Through these actions, the FTC found that Rambus was able to "conceal its patents and patent applications until after the standards were adopted and the market was locked in."14

Based on this conduct, the FTC found that Rambus had violated the Sherman Act "by engaging in exclusionary conduct that contributed significantly to the acquisition of monopoly power in four relevant and related markets."15 The FTC has ordered further briefing on the proper remedy for such illegal conduct.

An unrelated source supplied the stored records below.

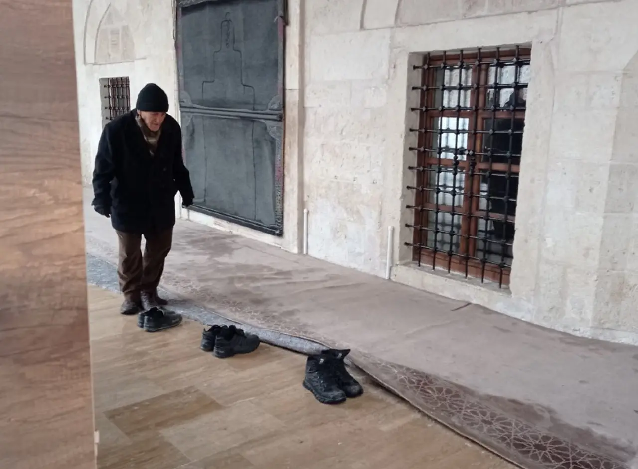 Ayakkabılıklara ulaşmak için açık alandan geçen cemaat, çoğu zaman karla kaplı zeminde yürüyerek cami girişine geliyor. Ayakkabılarını çıkaran vatandaşlar, karla kaplı buz gibi halı üzerine basarak cami içine giriyor. Bu durum cami içinde risk oluşturuyor, ısınan çoraplar ıslak hale gelirken giriş kısmındaki nemlilik bunu fazlasıyla gösteriyor.
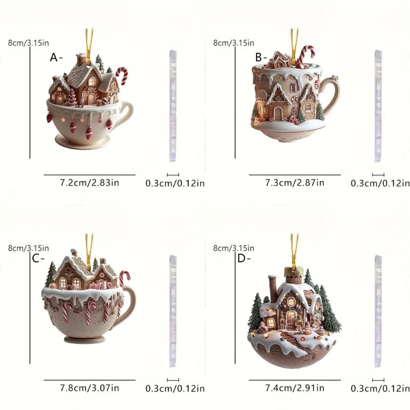 Acrylic Christmas Tree Ornament Cottage Warm Little Coffee Cup Hanging Decoration For Home Coffee House Plant
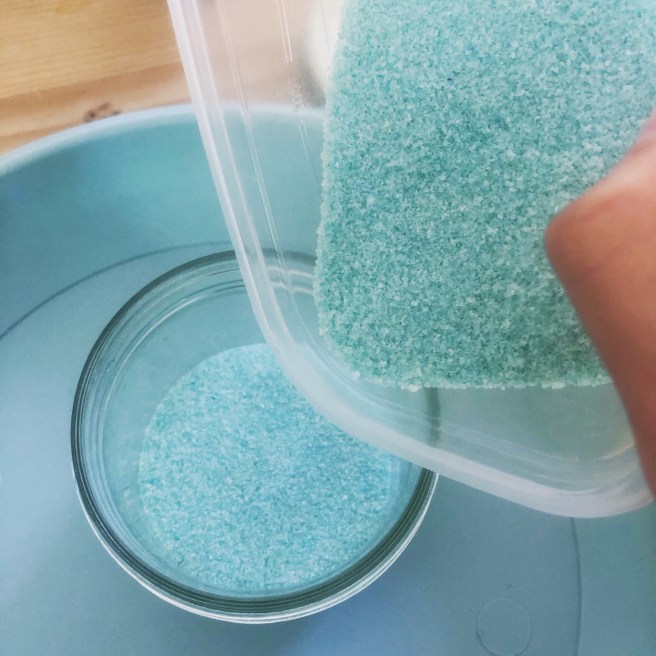 Astuce : Si vous souhaitez que votre sable soit coloré comme ici, c’est facile. Il suffit de prendre un feutre et de faire tourner la mine du feutre dans le sable jusqu’à ce qu’il se colore. Ça marche super bien ! (par contre, votre feutre est foutu, je préfère prévenir!)
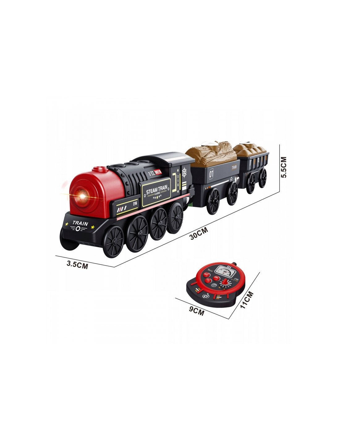- - lokomotywa posiada 3 przyciski, za pomocą których można sterować nią nawet bez pilota : środkowy przycisk po dłuższym utrzymaniu włącza lokomotywę, dodatkowe 2 zadają kierunek jazdy

Liability Under Section 5 of the FTC Act

In a separate concurring opinion, Commissioner Jon Leibowitz agreed with the Commission's Opinion that Rambus had committed a violation of Section 2 of the Sherman Act, but went on to explain that Rambus' conduct also constituted a violation of the FTC Act, regardless of whether or not it met the requirements for an antitrust violation under the Sherman Act.16

Commissioner Leibowitz explained that "Rambus' deception of the JEDEC and its members injured competition and consumers alike," and for this reason Rambus' conduct not only violated antitrust laws, but also constituted an unfair method of competition in violation of the broader reach of the FTC Act.17 Commissioner Leibowitz also explained that he wrote the concurring opinion "to discuss and reemphasize the broad reach and unique role of Section 5 [of the FTC Act]."18

 

Unsettled Issues Regarding Rambus' Conduct

The FTC's Decision in the Rambus matter is only one chapter in the continuing saga of legal challenges to the conduct of Rambus in the course of its JEDEC membership. An appropriate FTC remedy for the adjudged misconduct has yet to be determined, and Rambus will likely appeal the ruling.  Moreover, Rambus has sued, or is been sued by, several major DRAM manufacturers on various patent infringement and antitrust-related allegations surrounding patents developed in the course of Rambus' JEDEC membership.  These civil actions involve pursuit of legal theories outside of the FTC Act (the FTC Act contains no provisions for private enforcement), and include not only antitrust allegations under the Sherman Act and its state counterparts, but also allegations that Rambus' conduct in the course of its JEDEC participation constituted unfair competition and/or common law fraud.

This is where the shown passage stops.